None of that matters. It certainly doesn’t stop me from feeling cheated. One day she’s sick and the next she’s dead. The message that she was going to the hospital barely made a dent in my consciousness.

When the weekend came, the message would have resurfaced. I’d have thought about it long enough to come up with an excuse not to go. Didn’t I deserve the chance to decide not to see her?

I plead dead aunt to escape work and social engagements. My mom, dad, and I ride together for the forgettable funeral. My sister doesn’t show. So much for the favorite.

We get in line behind the hearse and drive to the burial site.

The pastor is a great actor, reciting his lines with energy for the benefit of the bereaved. He spoke of my aunt’s life, how she lived in dedication to her family, community, and church. He spoke of God waiting until this moment, at the graveside, to take her immortal soul to heaven.

I put aside my religious doubts and let my mind wander.

We parked at the top of a hill overlooking the cemetery. There were lines of cars stretching as far as I could see in every direction. People that were part of the weave of my aunt’s life formed long, tight lines back to their cars, enduring the chill, traffic, and family feuds for this brief goodbye. The final pattern. Her life’s work stretched out on display for her to see before God leads her away.

What would I see if God showed me my life’s work? What good had I done? What about me deserved to be remembered?

The nearest gravestone to the car has the name Sarah Sanders etched into it, which is perfect for the unnamed character in my story. I text it to my writer friend so he can remind me when we meet up to go over the edits.

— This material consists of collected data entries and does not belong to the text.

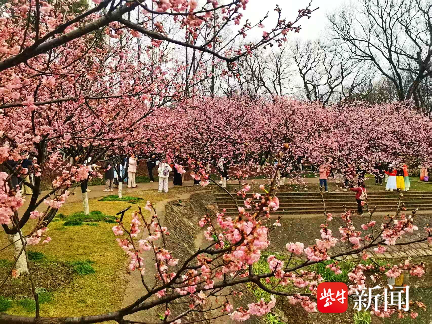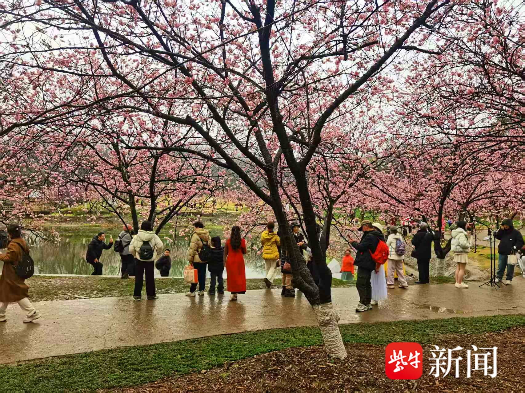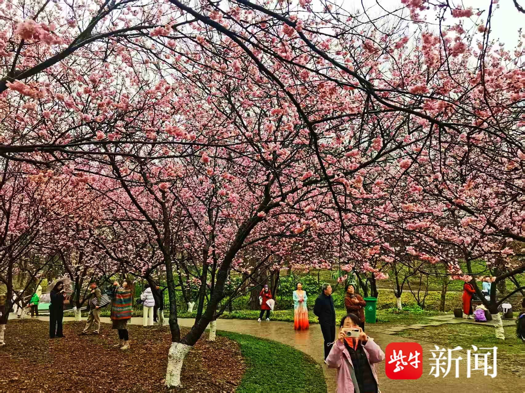 在南京中山植物园北园的樱花大道上,椿寒樱已全部盛开,进入了最佳观赏期,并因此吸引了大量游客前来观赏、打卡。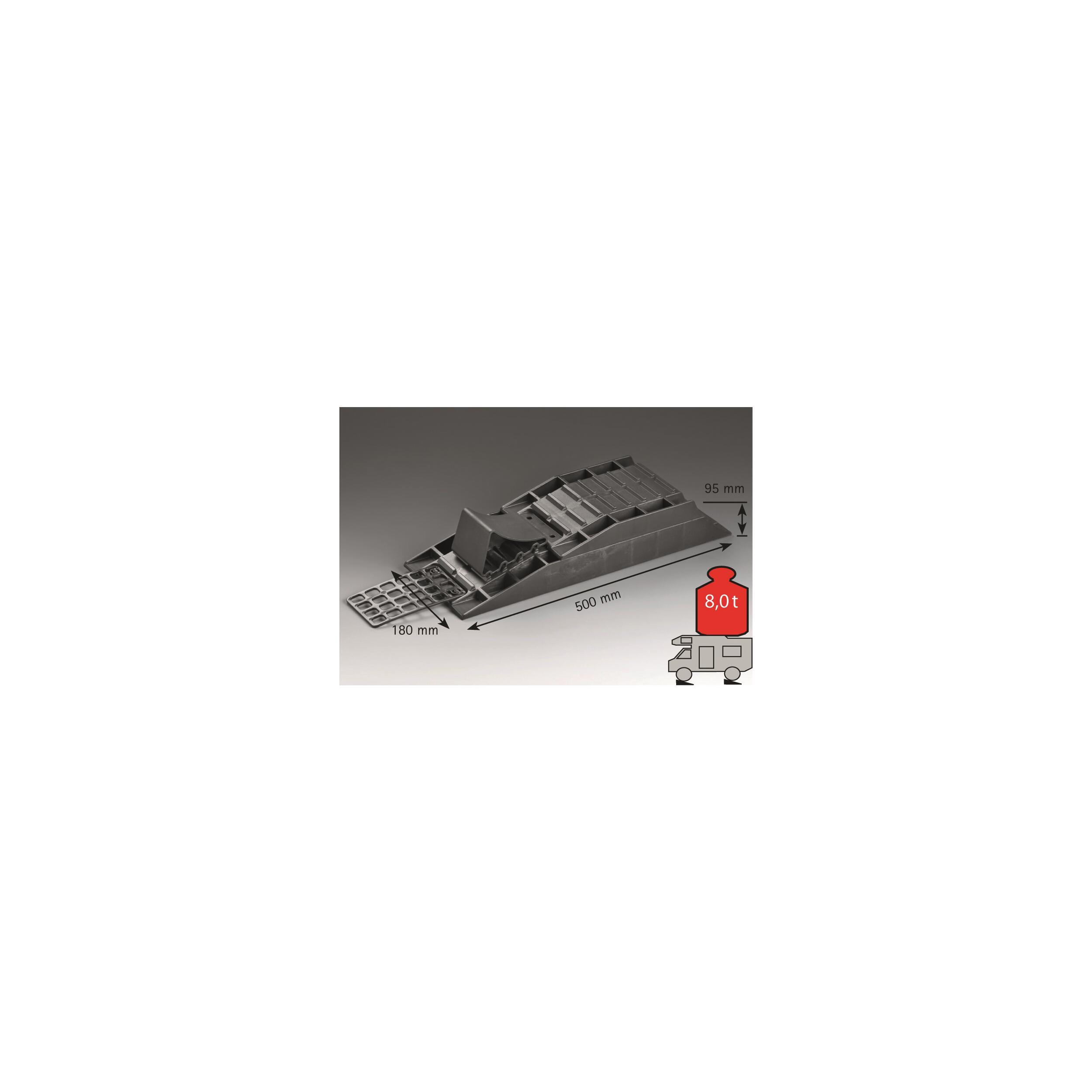 La solution calage tout-en-un : votre caravane sera toujours de niveau grâce aux multiples combinaisons possibles. Kit composé de 4 pièces : un bloc de base hauteur 5,5 cm, un bloc supplémentaire superposable de 4,0 cm, une contre-cale réglable et une plaque d'accès anti-dérapement.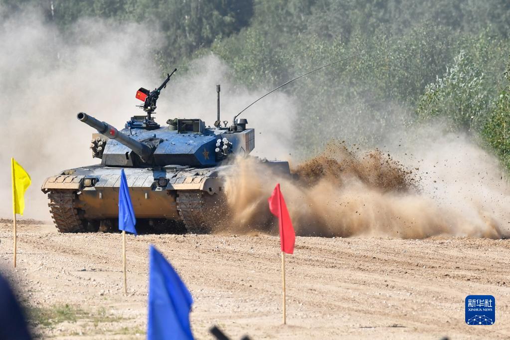 “國際軍事比賽-2022”中的“坦克兩項”比賽14日在俄羅斯莫斯科州阿拉比諾靶場繼續進行。在單車賽第三組第一場比賽中,編號336的中國參賽隊96B坦克亮相賽場,順利完成首賽。

I text a meme to my wife, so she knows the funeral is over. She responds in kind and before I know it, my dad is pulling into a truck stop in the middle of nowhere. I follow him in and buy some burned coffee tastes like it’s been it’s been sitting since breakfast.

The school calls. My daughter’s sick and I need to pick her up ASAP. I reschedule the plans to have lunch with my parents.

Work calls. There is an emergency that nobody else knows how to fix. Soon I’m in my home office, working remotely to restore a service that only matters to four people while my daughter naps. Those four people feel important enough to call me while I’m off for a funeral.

My wife comes home to find me working. I suggest we take a vacation this summer. She points out that I say that every year and we never do. Still, I want to think about taking a vacation with her.

I shut off my phone, lock the door to my office, put on headphones, and start writing. The words flow. I know that I’ll write every day now. That I will take that vacation. I can pick up the strands of my life and build something beautiful too, as long as I take the time to do it.

My phone buzzes and I stop writing mid-sentence to answer it. My writer friend is calling to remind me about Sarah Sanders, and we get wrapped up talking about the edits to his memoir. When I get off the phone, I’m too tired to do anything. I guess I’ll have to pick up those strands tomorrow.